The problem
Each record is to be transcribed in full and exactly.

☆ ☆ ☆ ☆ ☆ ☆ ☆

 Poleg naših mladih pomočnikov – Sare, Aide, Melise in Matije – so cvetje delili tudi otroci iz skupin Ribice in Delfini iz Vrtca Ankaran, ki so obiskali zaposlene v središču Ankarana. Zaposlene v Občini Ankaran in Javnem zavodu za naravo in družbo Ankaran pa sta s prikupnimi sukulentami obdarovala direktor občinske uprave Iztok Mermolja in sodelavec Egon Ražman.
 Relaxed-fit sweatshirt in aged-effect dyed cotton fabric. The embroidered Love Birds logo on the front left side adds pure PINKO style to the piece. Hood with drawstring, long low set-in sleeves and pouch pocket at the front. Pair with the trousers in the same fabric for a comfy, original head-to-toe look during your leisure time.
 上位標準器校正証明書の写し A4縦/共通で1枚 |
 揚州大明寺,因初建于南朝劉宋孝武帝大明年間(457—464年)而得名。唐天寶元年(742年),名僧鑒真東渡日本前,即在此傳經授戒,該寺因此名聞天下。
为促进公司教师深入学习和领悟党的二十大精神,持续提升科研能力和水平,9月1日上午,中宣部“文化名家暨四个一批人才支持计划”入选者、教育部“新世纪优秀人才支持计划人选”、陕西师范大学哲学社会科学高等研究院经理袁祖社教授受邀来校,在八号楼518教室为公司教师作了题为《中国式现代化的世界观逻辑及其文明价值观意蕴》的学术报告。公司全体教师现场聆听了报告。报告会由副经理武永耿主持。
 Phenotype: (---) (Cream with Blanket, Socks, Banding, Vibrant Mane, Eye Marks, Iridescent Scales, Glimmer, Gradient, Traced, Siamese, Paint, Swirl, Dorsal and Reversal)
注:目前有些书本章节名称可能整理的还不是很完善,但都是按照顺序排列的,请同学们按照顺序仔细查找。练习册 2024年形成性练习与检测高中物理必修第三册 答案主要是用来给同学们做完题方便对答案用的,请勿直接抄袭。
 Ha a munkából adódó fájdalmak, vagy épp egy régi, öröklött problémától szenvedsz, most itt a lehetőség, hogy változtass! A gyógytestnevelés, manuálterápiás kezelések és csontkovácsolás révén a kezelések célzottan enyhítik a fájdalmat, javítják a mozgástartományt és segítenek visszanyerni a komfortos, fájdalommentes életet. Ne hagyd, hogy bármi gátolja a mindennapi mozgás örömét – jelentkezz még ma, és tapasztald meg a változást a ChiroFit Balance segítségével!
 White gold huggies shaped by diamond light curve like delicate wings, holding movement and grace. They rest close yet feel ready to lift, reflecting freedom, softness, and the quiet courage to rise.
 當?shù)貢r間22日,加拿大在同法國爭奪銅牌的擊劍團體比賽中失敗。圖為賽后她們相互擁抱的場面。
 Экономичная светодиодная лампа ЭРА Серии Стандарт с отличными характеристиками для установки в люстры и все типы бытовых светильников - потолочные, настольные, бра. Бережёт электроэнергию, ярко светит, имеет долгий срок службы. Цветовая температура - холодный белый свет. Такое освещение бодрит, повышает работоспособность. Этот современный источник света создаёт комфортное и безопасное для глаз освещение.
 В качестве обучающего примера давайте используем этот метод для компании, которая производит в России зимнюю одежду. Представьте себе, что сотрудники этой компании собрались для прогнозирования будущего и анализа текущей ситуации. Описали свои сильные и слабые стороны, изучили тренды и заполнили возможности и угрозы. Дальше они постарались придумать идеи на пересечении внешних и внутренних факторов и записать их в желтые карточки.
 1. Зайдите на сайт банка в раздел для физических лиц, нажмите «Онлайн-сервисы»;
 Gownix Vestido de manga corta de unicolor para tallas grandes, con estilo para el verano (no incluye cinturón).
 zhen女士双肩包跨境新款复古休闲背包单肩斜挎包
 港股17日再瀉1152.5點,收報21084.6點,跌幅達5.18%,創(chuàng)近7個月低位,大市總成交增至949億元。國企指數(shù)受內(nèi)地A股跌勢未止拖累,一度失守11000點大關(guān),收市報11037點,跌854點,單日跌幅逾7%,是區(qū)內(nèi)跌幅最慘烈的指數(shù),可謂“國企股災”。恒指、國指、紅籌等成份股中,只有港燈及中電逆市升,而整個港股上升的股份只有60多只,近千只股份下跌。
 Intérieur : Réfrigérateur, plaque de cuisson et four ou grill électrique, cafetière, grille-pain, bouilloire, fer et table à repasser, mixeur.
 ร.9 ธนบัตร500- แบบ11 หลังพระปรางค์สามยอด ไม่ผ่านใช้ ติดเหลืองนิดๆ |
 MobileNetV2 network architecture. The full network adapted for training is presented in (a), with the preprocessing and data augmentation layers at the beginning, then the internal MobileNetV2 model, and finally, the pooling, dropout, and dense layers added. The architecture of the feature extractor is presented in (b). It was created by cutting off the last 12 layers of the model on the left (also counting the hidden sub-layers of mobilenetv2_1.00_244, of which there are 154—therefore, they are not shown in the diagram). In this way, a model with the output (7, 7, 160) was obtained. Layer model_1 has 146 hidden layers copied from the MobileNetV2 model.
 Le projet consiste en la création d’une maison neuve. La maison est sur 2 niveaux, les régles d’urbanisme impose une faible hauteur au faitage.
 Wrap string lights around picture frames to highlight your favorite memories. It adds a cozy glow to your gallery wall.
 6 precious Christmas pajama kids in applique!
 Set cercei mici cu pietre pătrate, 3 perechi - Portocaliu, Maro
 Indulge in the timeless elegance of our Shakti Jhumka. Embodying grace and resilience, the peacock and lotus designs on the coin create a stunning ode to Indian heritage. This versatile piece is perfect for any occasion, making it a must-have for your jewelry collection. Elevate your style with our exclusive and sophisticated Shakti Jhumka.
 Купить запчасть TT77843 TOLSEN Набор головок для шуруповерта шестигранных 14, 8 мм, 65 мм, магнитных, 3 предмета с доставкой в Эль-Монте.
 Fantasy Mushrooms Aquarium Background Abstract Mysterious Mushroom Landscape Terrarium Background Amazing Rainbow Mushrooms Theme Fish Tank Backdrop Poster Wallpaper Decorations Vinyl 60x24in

☆ ☆ ☆ ☆ ☆ ☆ ☆

Result for this exercise
 Poleg naših mladih pomočnikov – Sare, Aide, Melise in Matije – so cvetje delili tudi otroci iz skupin Ribice in Delfini iz Vrtca Ankaran, ki so obiskali zaposlene v središču Ankarana. Zaposlene v Občini Ankaran in Javnem zavodu za naravo in družbo Ankaran pa sta s prikupnimi sukulentami obdarovala direktor občinske uprave Iztok Mermolja in sodelavec Egon Ražman.
 Relaxed-fit sweatshirt in aged-effect dyed cotton fabric. The embroidered Love Birds logo on the front left side adds pure PINKO style to the piece. Hood with drawstring, long low set-in sleeves and pouch pocket at the front. Pair with the trousers in the same fabric for a comfy, original head-to-toe look during your leisure time.
 上位標準器校正証明書の写し A4縦/共通で1枚 |
 揚州大明寺,因初建于南朝劉宋孝武帝大明年間(457—464年)而得名。唐天寶元年(742年),名僧鑒真東渡日本前,即在此傳經授戒,該寺因此名聞天下。
为促进公司教师深入学习和领悟党的二十大精神,持续提升科研能力和水平,9月1日上午,中宣部“文化名家暨四个一批人才支持计划”入选者、教育部“新世纪优秀人才支持计划人选”、陕西师范大学哲学社会科学高等研究院经理袁祖社教授受邀来校,在八号楼518教室为公司教师作了题为《中国式现代化的世界观逻辑及其文明价值观意蕴》的学术报告。公司全体教师现场聆听了报告。报告会由副经理武永耿主持。
 Phenotype: (---) (Cream with Blanket, Socks, Banding, Vibrant Mane, Eye Marks, Iridescent Scales, Glimmer, Gradient, Traced, Siamese, Paint, Swirl, Dorsal and Reversal)
注:目前有些书本章节名称可能整理的还不是很完善,但都是按照顺序排列的,请同学们按照顺序仔细查找。练习册 2024年形成性练习与检测高中物理必修第三册 答案主要是用来给同学们做完题方便对答案用的,请勿直接抄袭。
 Ha a munkából adódó fájdalmak, vagy épp egy régi, öröklött problémától szenvedsz, most itt a lehetőség, hogy változtass! A gyógytestnevelés, manuálterápiás kezelések és csontkovácsolás révén a kezelések célzottan enyhítik a fájdalmat, javítják a mozgástartományt és segítenek visszanyerni a komfortos, fájdalommentes életet. Ne hagyd, hogy bármi gátolja a mindennapi mozgás örömét – jelentkezz még ma, és tapasztald meg a változást a ChiroFit Balance segítségével!
 White gold huggies shaped by diamond light curve like delicate wings, holding movement and grace. They rest close yet feel ready to lift, reflecting freedom, softness, and the quiet courage to rise.
 當?shù)貢r間22日,加拿大在同法國爭奪銅牌的擊劍團體比賽中失敗。圖為賽后她們相互擁抱的場面。
 Экономичная светодиодная лампа ЭРА Серии Стандарт с отличными характеристиками для установки в люстры и все типы бытовых светильников - потолочные, настольные, бра. Бережёт электроэнергию, ярко светит, имеет долгий срок службы. Цветовая температура - холодный белый свет. Такое освещение бодрит, повышает работоспособность. Этот современный источник света создаёт комфортное и безопасное для глаз освещение.
 В качестве обучающего примера давайте используем этот метод для компании, которая производит в России зимнюю одежду. Представьте себе, что сотрудники этой компании собрались для прогнозирования будущего и анализа текущей ситуации. Описали свои сильные и слабые стороны, изучили тренды и заполнили возможности и угрозы. Дальше они постарались придумать идеи на пересечении внешних и внутренних факторов и записать их в желтые карточки.
 1. Зайдите на сайт банка в раздел для физических лиц, нажмите «Онлайн-сервисы»;
 Gownix Vestido de manga corta de unicolor para tallas grandes, con estilo para el verano (no incluye cinturón).
 zhen女士双肩包跨境新款复古休闲背包单肩斜挎包
 港股17日再瀉1152.5點,收報21084.6點,跌幅達5.18%,創(chuàng)近7個月低位,大市總成交增至949億元。國企指數(shù)受內(nèi)地A股跌勢未止拖累,一度失守11000點大關(guān),收市報11037點,跌854點,單日跌幅逾7%,是區(qū)內(nèi)跌幅最慘烈的指數(shù),可謂“國企股災”。恒指、國指、紅籌等成份股中,只有港燈及中電逆市升,而整個港股上升的股份只有60多只,近千只股份下跌。
 Intérieur : Réfrigérateur, plaque de cuisson et four ou grill électrique, cafetière, grille-pain, bouilloire, fer et table à repasser, mixeur.
 ร.9 ธนบัตร500- แบบ11 หลังพระปรางค์สามยอด ไม่ผ่านใช้ ติดเหลืองนิดๆ |
 MobileNetV2 network architecture. The full network adapted for training is presented in (a), with the preprocessing and data augmentation layers at the beginning, then the internal MobileNetV2 model, and finally, the pooling, dropout, and dense layers added. The architecture of the feature extractor is presented in (b). It was created by cutting off the last 12 layers of the model on the left (also counting the hidden sub-layers of mobilenetv2_1.00_244, of which there are 154—therefore, they are not shown in the diagram). In this way, a model with the output (7, 7, 160) was obtained. Layer model_1 has 146 hidden layers copied from the MobileNetV2 model.
 Le projet consiste en la création d’une maison neuve. La maison est sur 2 niveaux, les régles d’urbanisme impose une faible hauteur au faitage.
 Wrap string lights around picture frames to highlight your favorite memories. It adds a cozy glow to your gallery wall.
 6 precious Christmas pajama kids in applique!
 Set cercei mici cu pietre pătrate, 3 perechi - Portocaliu, Maro
 Indulge in the timeless elegance of our Shakti Jhumka. Embodying grace and resilience, the peacock and lotus designs on the coin create a stunning ode to Indian heritage. This versatile piece is perfect for any occasion, making it a must-have for your jewelry collection. Elevate your style with our exclusive and sophisticated Shakti Jhumka.
 Купить запчасть TT77843 TOLSEN Набор головок для шуруповерта шестигранных 14, 8 мм, 65 мм, магнитных, 3 предмета с доставкой в Эль-Монте.
 Fantasy Mushrooms Aquarium Background Abstract Mysterious Mushroom Landscape Terrarium Background Amazing Rainbow Mushrooms Theme Fish Tank Backdrop Poster Wallpaper Decorations Vinyl 60x24in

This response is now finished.